Precious opal shows play of color — the rainbow flash that moves as the stone is rotated, caused by microscopic silica spheres diffracting light. Common opal does not show play of color; it is opaque to translucent and prized for its body color (pink, blue, green, yellow, etc.) rather than its flash. Most opal in the bead trade is common opal — Peruvian pink, blue, green, and yellow opal are all common opal. Play-of-color opal beads (Ethiopian Welo, occasional Australian) are specialty and stocked intermittently. -
Is opal soft? Can it scratch easily?
Opal is Mohs 5.5–6.5 — softer than agate, jasper, and quartz (all 6.5–7). Opal beads can scratch against harder beads on the same strand or against metal findings during wear.

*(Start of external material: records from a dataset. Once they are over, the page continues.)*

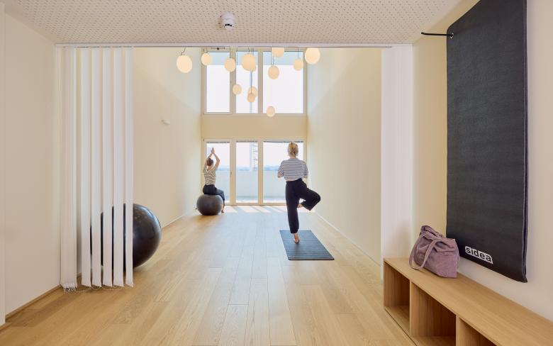 Im Erdgeschoß betritt man den Taborama west- oder ost-seitig durch ein großzügiges Atrium. Direkt daran angeschlossen ist der Fitnessraum sowie der große Fahrradraum. Die Erschließungszonen werden in jedem Geschoß durch Tageslicht und Blickbeziehungen nach außen zu einem positiven Raumerlebnis aufgewertet.
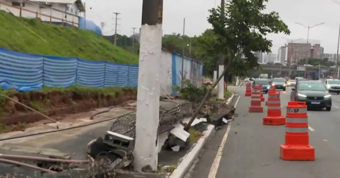 As chuvas fortes que atingiram a capital paulista neste domingo (8) causaram a queda do muro que cerca o Aeroporto de Congonhas, localizado na Zona Sul, em dois trechos: na saída da Avenida Washington Luiz para a Avenida Bandeirantes, que está interditada na manhã desta segunda (9) para os reparos, e na Avenida Jurandir.
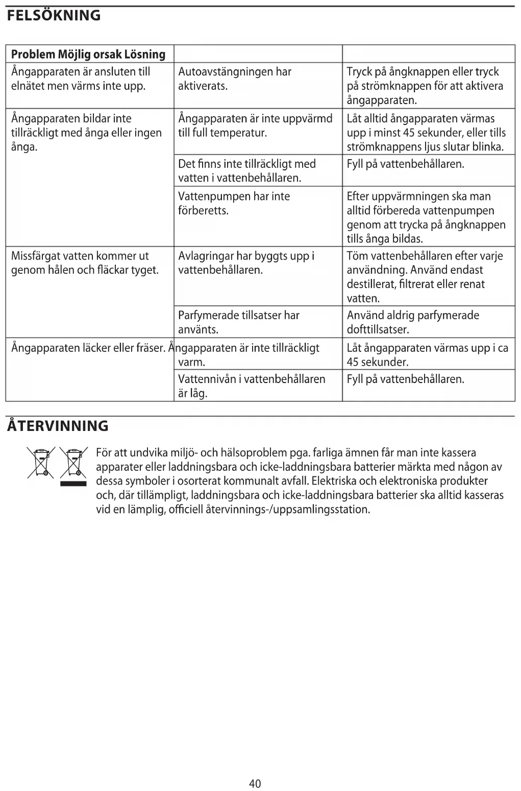 AE44 FEILSØKING Problem Mulig årsak Løsning Damperen er plugget i, men varmer ikke. Automatisk av-funksjon er skrudd på. Trykk dampknappen eller trykk strømknappen for å aktivere damperen. Ikke nok damp, eller dampen kommer ikke ut av damperen. Damperen er ikke varmet opp til full temperaturstyrke. La alltid damperen varme seg opp i minst 45 sekunder, eller til strømknapplyset stopper å blinke. Det er ikke nok vann i vannbeholderen. Fyll vannbeholderen. Vannpumpen er ikke fylt opp. Etter forvarming, fyll alltid opp vannpumpen ved å holde inne dampknappen til det danner seg damp. Misfarget vann kommer ut gjennom hullene og setter ekker på stoet. Avfallsstoer har lagt seg på innsiden av vannbeholderen. Tøm vannbeholderen etter hver bruk. Bruk bare destillert, ltrert eller renset vann. Parfyme eller parfymerte tilsetningsstoer ble brukt. Bruk aldri parfymer eller parfymerte tilsetningsstoer. Damperen lekker. Damperen er ikke varm nok. La damperen varme seg opp i rundt 45 sekunder. Vannbeholderen har lite vann. Fyll vannbeholderen. RESIRKULERING

For mixed-stone designs, pair opal with stones of similar hardness or use softer spacers to protect the opal surface. Opal works well in earrings, pendants, necklaces, and low-impact bracelets; ring use is possible but reserves the stone for less-active wear. -
Why does opal crack? What is crazing?
Crazing is a fine network of internal cracks that develops in opal when the stone dehydrates too rapidly. Opal contains 3–21% water by weight locked into its silica gel structure; if that water is lost quickly — through direct sun exposure, heat sources, dry indoor environments, or ultrasonic cleaners — the structure can fracture internally. Crazing is permanent. Standard care: store opal away from direct heat, clean with a damp soft cloth not solvents, avoid ultrasonic and steam cleaning, and avoid prolonged direct sunlight. -
Is Ethiopian opal different from other opal?

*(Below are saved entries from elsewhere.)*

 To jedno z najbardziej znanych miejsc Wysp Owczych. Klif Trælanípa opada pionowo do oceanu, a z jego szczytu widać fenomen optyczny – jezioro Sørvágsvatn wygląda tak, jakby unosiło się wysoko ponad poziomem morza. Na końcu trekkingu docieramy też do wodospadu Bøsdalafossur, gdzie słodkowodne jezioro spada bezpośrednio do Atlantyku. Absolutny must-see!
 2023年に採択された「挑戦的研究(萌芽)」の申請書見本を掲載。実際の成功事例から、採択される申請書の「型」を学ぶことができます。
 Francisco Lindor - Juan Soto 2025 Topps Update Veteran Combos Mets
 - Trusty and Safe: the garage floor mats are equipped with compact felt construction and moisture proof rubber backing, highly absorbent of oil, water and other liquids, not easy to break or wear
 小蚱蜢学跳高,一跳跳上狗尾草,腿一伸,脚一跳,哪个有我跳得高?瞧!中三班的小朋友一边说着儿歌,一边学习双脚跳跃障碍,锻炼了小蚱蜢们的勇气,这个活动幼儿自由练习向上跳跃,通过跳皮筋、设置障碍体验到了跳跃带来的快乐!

Ethiopian opal (often called Welo opal after the Wollo Province where it's mined) is hydrophane — it absorbs water and temporarily loses transparency when wet, returning to normal as it dries. This is a property of the porous silica structure unique to certain opal deposits. Practically: don't submerge Welo opal during wear (showers, swimming), avoid ultrasonic and steam cleaning, and let it dry naturally if it does get wet. The visual change is temporary if brief, but repeated wet/dry cycles stress the stone. -
Is yellow opal natural or dyed?
Both exist in the bead market. Natural yellow opal — often Indonesian or Mexican common opal — is a muted mustard to honey tone. Bright neon yellow or saturated lemon-yellow is a dye signal; natural opal's palette is soft. Treatment, when present — ask before buying if a strand doesn't specify. Across Dakota's catalog, color tags identify yellow opal but treatment posture per strand should be confirmed on the individual listing.